▶ Exercise:
The records below are to be repeated exactly, minus any pictures.

─── Given records ───

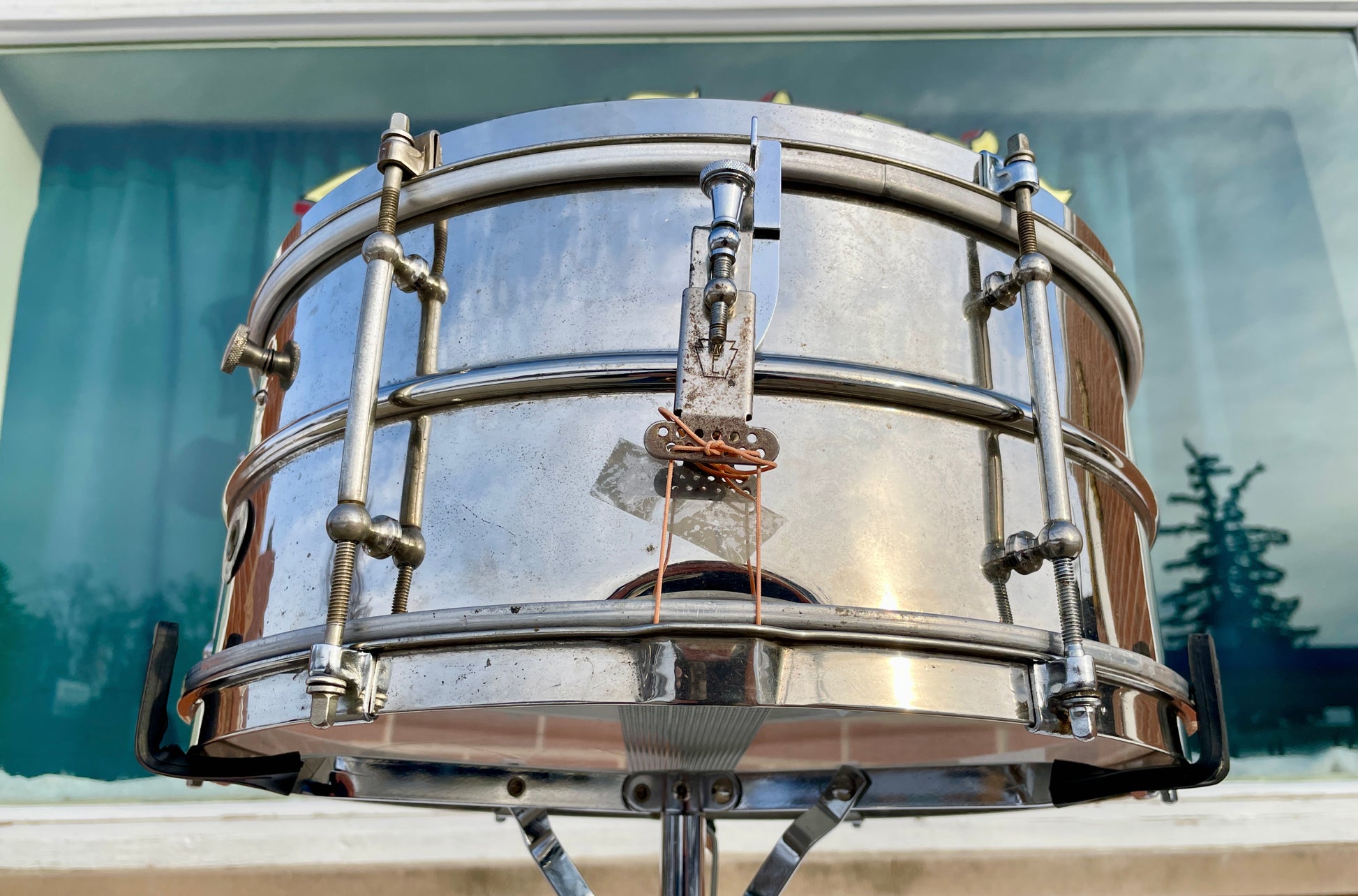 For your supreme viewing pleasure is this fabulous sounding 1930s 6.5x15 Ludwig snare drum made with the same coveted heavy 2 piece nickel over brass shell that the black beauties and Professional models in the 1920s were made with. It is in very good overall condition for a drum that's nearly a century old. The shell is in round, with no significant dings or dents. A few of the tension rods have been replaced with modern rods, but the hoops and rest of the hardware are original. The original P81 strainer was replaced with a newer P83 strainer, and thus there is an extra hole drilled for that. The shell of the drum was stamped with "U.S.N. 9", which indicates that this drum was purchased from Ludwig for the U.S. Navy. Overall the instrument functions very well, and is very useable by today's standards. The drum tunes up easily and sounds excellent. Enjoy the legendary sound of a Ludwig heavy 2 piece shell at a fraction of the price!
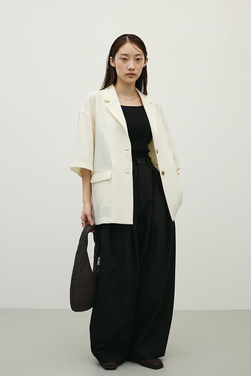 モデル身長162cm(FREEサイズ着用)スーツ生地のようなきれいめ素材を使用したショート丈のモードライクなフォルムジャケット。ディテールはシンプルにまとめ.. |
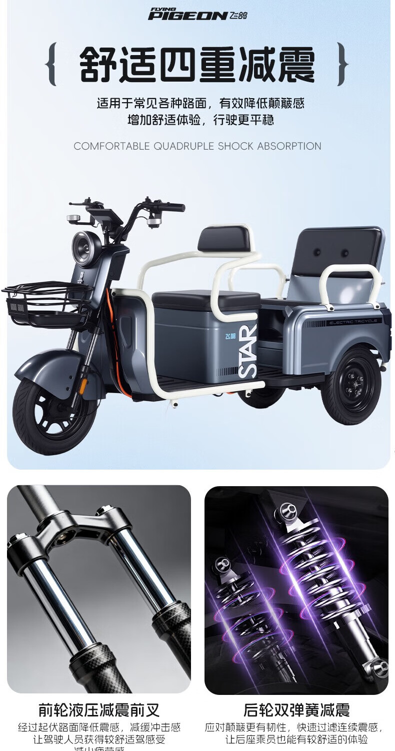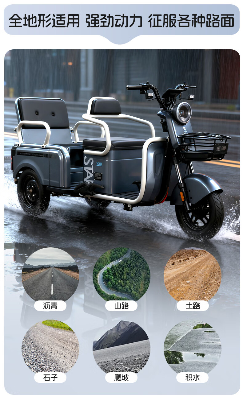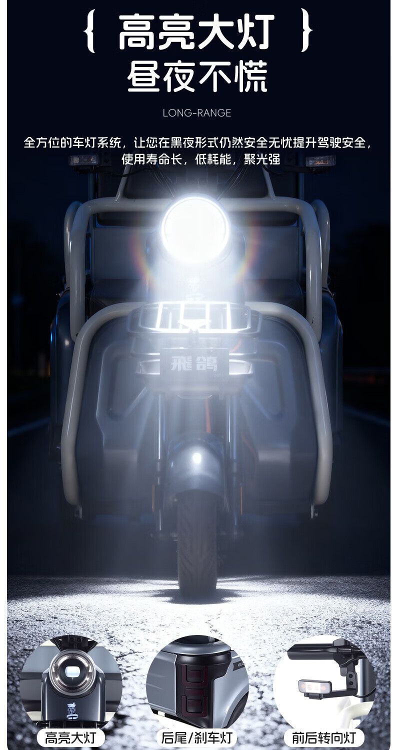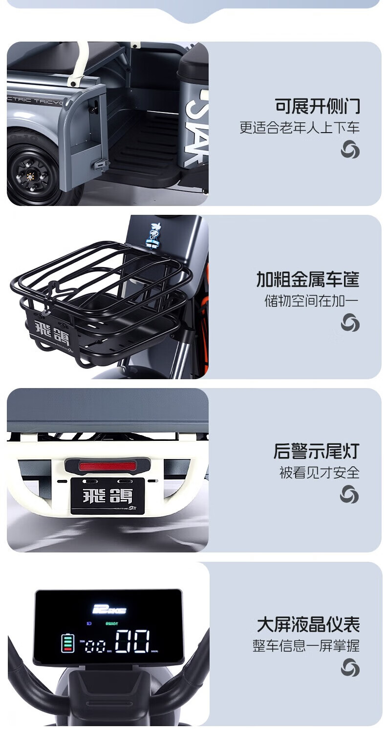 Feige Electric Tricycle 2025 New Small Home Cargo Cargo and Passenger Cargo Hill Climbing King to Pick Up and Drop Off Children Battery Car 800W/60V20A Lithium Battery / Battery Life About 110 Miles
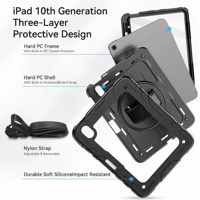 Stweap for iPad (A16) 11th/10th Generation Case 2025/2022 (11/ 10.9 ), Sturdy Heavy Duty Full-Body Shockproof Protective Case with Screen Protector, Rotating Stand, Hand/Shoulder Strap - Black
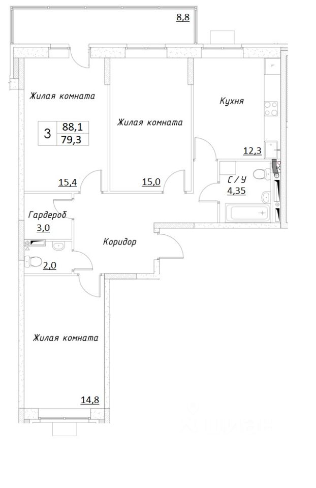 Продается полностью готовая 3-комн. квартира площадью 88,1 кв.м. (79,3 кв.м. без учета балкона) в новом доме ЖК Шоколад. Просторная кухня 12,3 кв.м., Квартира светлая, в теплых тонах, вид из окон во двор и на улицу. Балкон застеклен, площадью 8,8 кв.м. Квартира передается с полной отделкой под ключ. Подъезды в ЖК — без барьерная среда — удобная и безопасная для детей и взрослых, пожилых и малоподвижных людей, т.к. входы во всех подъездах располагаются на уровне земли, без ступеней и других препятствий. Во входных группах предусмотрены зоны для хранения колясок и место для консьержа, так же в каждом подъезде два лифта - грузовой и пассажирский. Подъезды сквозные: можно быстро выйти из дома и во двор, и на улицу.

───

▶ Task response:
 For your supreme viewing pleasure is this fabulous sounding 1930s 6.5x15 Ludwig snare drum made with the same coveted heavy 2 piece nickel over brass shell that the black beauties and Professional models in the 1920s were made with. It is in very good overall condition for a drum that's nearly a century old. The shell is in round, with no significant dings or dents. A few of the tension rods have been replaced with modern rods, but the hoops and rest of the hardware are original. The original P81 strainer was replaced with a newer P83 strainer, and thus there is an extra hole drilled for that. The shell of the drum was stamped with "U.S.N. 9", which indicates that this drum was purchased from Ludwig for the U.S. Navy. Overall the instrument functions very well, and is very useable by today's standards. The drum tunes up easily and sounds excellent. Enjoy the legendary sound of a Ludwig heavy 2 piece shell at a fraction of the price!
 モデル身長162cm(FREEサイズ着用)スーツ生地のようなきれいめ素材を使用したショート丈のモードライクなフォルムジャケット。ディテールはシンプルにまとめ.. |
 Feige Electric Tricycle 2025 New Small Home Cargo Cargo and Passenger Cargo Hill Climbing King to Pick Up and Drop Off Children Battery Car 800W/60V20A Lithium Battery / Battery Life About 110 Miles
 Stweap for iPad (A16) 11th/10th Generation Case 2025/2022 (11/ 10.9 ), Sturdy Heavy Duty Full-Body Shockproof Protective Case with Screen Protector, Rotating Stand, Hand/Shoulder Strap - Black
 Продается полностью готовая 3-комн. квартира площадью 88,1 кв.м. (79,3 кв.м. без учета балкона) в новом доме ЖК Шоколад. Просторная кухня 12,3 кв.м., Квартира светлая, в теплых тонах, вид из окон во двор и на улицу. Балкон застеклен, площадью 8,8 кв.м. Квартира передается с полной отделкой под ключ. Подъезды в ЖК — без барьерная среда — удобная и безопасная для детей и взрослых, пожилых и малоподвижных людей, т.к. входы во всех подъездах располагаются на уровне земли, без ступеней и других препятствий. Во входных группах предусмотрены зоны для хранения колясок и место для консьержа, так же в каждом подъезде два лифта - грузовой и пассажирский. Подъезды сквозные: можно быстро выйти из дома и во двор, и на улицу.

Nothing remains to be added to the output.